Por:
Psicóloga Clarice Vilar
Teresina, 12.08.2024
Essa frase do famoso livro “Hamlet”, de Shakespeare, nunca esteve tão atual nos dias de hoje. Desde que ingressei no mercado de trabalho, me perguntei: eu poderia ser a melhor? Afinal de contas, isso existiria? Em quantas dimensões? Com qual sentido maior?
Me identifiquei muito com o pensamento do filósofo Byung-Chul Han, em seu livro “A Sociedade do Cansaço”. Estudei a sociedade disciplinar de Foucault no mestrado e fiquei surpresa com como ele mostra que estamos na sociedade do desempenho, presas em shoppings, bancos e academias. Ao invés de sujeitos de obediência, somos empresários de nós mesmos (Han, 2017, p. 23).
No lugar de proibição, mandamento ou lei vindos das guerras, presídios ou da fase negra da saúde mental, entram projeto, iniciativa e motivação.
A sociedade da disciplina gerava loucos; a do desempenho gera depressivos (Han, 2017, p. 24). Há, no inconsciente social de uma pirâmide capitalista, o desejo de maximizar a produção, substituindo o paradigma da disciplina pelo esquema positivo de poder (Han, 2017, p. 25). A depressão é a expressão patológica do fracasso do homem pós-moderno em ser ele mesmo (Han, 2017, p. 27).
E é nessa crise existencial, nesse encontro consigo mesmo, que o indivíduo não escapa das verdades que o cercam. E as mais dolorosas, mal sabe ele, são as que vão libertá-lo.
A expressão “infartos psíquicos” sugere um desajuste do aparelho biopsíquico em obedecer a si mesmo e à pressão do desempenho. O burnout representa, assim, o si-mesmo esgotado, mas antes, a alma consumida (Han, 2017, p. 28).
A inteligência espiritual fala da inteligência que trata questões de sentido, valor e significado. Danah Zohar afirma que Jung se preocupou com as doenças espirituais e afirmou que todas as psiconeuroses “terão de ser compreendidas, em última análise, como uma alma sofredora que não descobriu seu sentido”.
“A lamúria do indivíduo depressivo de que nada é possível só se torna possível numa sociedade que crê que nada é impossível. Não mais poder — poder — leva à uma autoacusação destrutiva e à autoagressão. O sujeito de desempenho encontra-se em guerra consigo mesmo (…) A depressão é o adoecimento de uma sociedade que sofre sob o excesso de positividade” (Han, 2017, p. 29).
Sim, a terapeuta Louise Hay falava disso. Esse ódio contra si mesmo, essa vingança pessoal, metafisicamente destrói seu campo energético e atrai o que você não quer.
Quando nossas escolas ensinarão o amor-próprio que não depende de medalhas e concursos?
Eu lembro de um livro que me marcou na adolescência chamado “O Ócio Criativo”, de Domenico De Masi. Lembro que a direção da escola não dava muita bola para isso. Estávamos todos ocupados, achando vantagem em ter muitas matérias e pouco tempo, para alimentar a vaidade alheia. O ócio, o tédio que nossa alma precisava em um cotidiano que fomentava a genialidade forçada em tudo — primeiro lugar sempre, produzindo algo que, se não fosse extraordinário, não teria valor — era subvalorizado.
Por isso essa positividade tóxica de hoje, esses discursos motivacionais baratos, esse veneno que espalharam que você é 100% responsável por sua vida, que só depende de você. Shows de pisar em cacos de vidro e fogo, em dinâmicas rasas que simulam vitória na vida. Triste.
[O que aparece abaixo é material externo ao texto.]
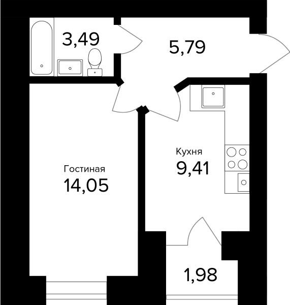 1-комнатная, 35.43м²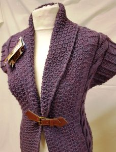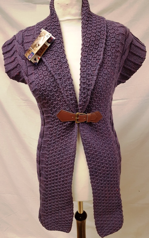100% British wool, sleeveless buckle , arran/honeycomb and cable knits, lapel collar, above knee length, easy to wear, PU strap buckle, dropped shoulder garment slightly tapered, well detailed made in the UK
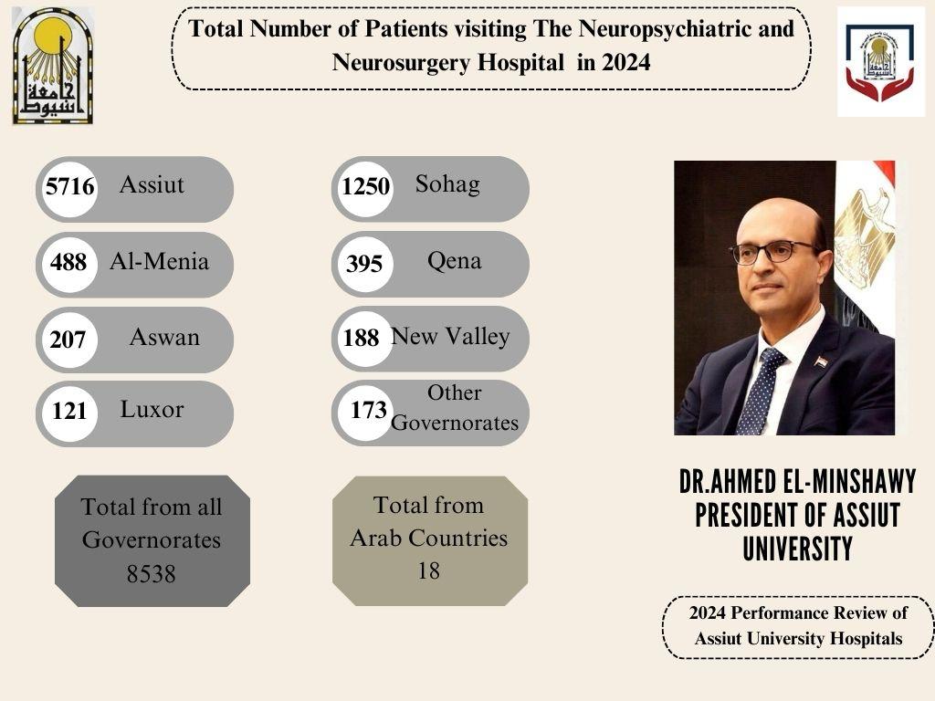 ورصد التقرير؛ عدد المرضى المترددين على المستشفى من مختلف المحافظات؛ حيث بلغ(8538) حالة، تضمنت من محافظة أسيوط (5716) حالة، ومن محافظة سوهاج (1250)، ومن محافظة المنيا (488)، ومن محافظة قنا (395)، ومن محافظة الأقصر (121)، ومن محافظة أسوان (207)، و (188) حالة من محافظة الوادي الجديد، و (173) حالة من المحافظات الأخرى، و(18) حالة من الوافدين من مختلف الدول العربية.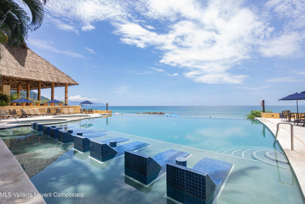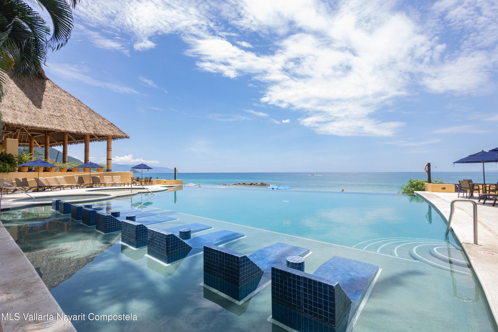 Experience the perfect balance of luxury, comfort, and absolutely stunning ocean views in this one of a kind, beachfront masterpiece.Welcome to Unit 703 at the exclusive Condominio Los Palmares, a rare listing opportunity on what is arguably the most beautiful and prestigious beach in all of Banderas Bay. With 187 m of beautifully designed living space and a smart, stylish layout, this residence is ideal for full-time living or unforgettable vacations.This spectacular home features 2 spacious bedrooms and 2 full bathrooms, including a primary suite with a private jacuzzi and floor to ceiling windows that showcase the crazy beautiful, panoramic views of the Pacific Ocean. Both bedrooms and the open concept living area offer breathtaking front row seats to the sea.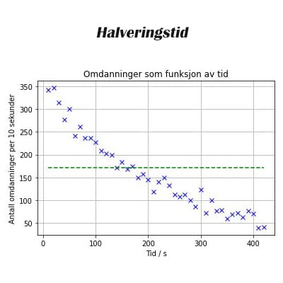 I dette forsøket skal vi bruke en PASCO trådløs GM-sensor og måle strålingen fra den radioaktive isotopen Ba-137. Formålet med øvelsen er å finne isotopens halveringstid, altså tiden det tar før den radioaktive aktiviteten er halvert. Deretter skal vi importere dataene i Python og skrive en kode som leter etter halveringstiden og angir den både ved tallverdi og ved et plott. Vi har laget en enkel og en avansert løsning og angir den enkle her. Den avanserte finner du i kodearkivet.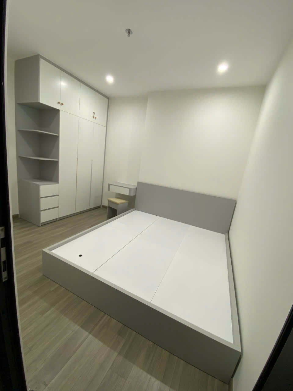 Giường ngủ dạng bục (Tatami): Giường được thiết kế khối chắc chắn, tích hợp các hộc chứa đồ lớn dưới giáp giường và ngăn kéo hông, giúp căn phòng luôn gọn gàng.
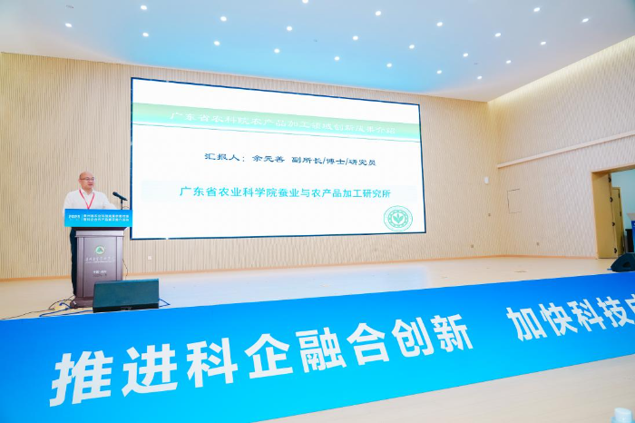 在成果分享环节,余元善作“广东省农科院农产品加工领域创新成果介绍”主题报告,系统阐述了加工所在热带亚热带农产品深加工领域的技术突破与产业化实践。活动现场,加工所设置的展示专区人气十足,100%HPP桑葚汁、桑葚干等蚕桑类、功能食品类展品集中亮相,其背后的规模化生产技术、全资源利用方案引发贵州企业广泛关注。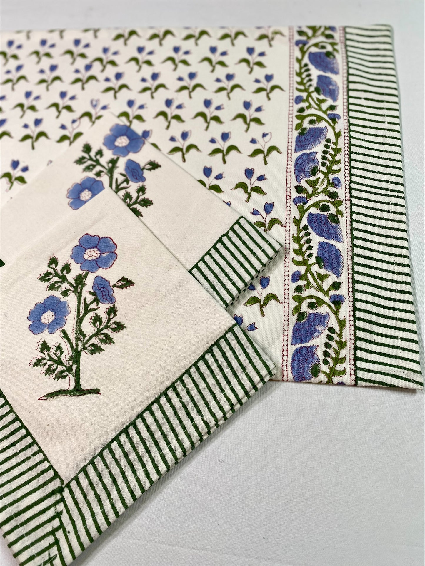 Hand block printed white and blue placemats with matching napkins

Me chamou a atenção a parte em que ele fala que, na vida selvagem, o animal está obrigado a dividir sua atenção em diversas atividades. A multitarefa não é “cool”, não é coisa de avanço pós-moderno, mas um retrocesso. Está no nível da vida selvagem.
É assim nossa atenção hoje em dia, dizimada pelo algoritmo, pelas mídias, pelos tablets, pelas novas telas que surgem incontroláveis.
A solução? Repensar, desapegar, desacelerar. Humanizar ao extremo um cotidiano e uma mentalidade dentro de um sistema sufocante. Deveríamos ser a sociedade da alma.
Mas pena que a maioria acredita que não temos mais uma alma para salvar.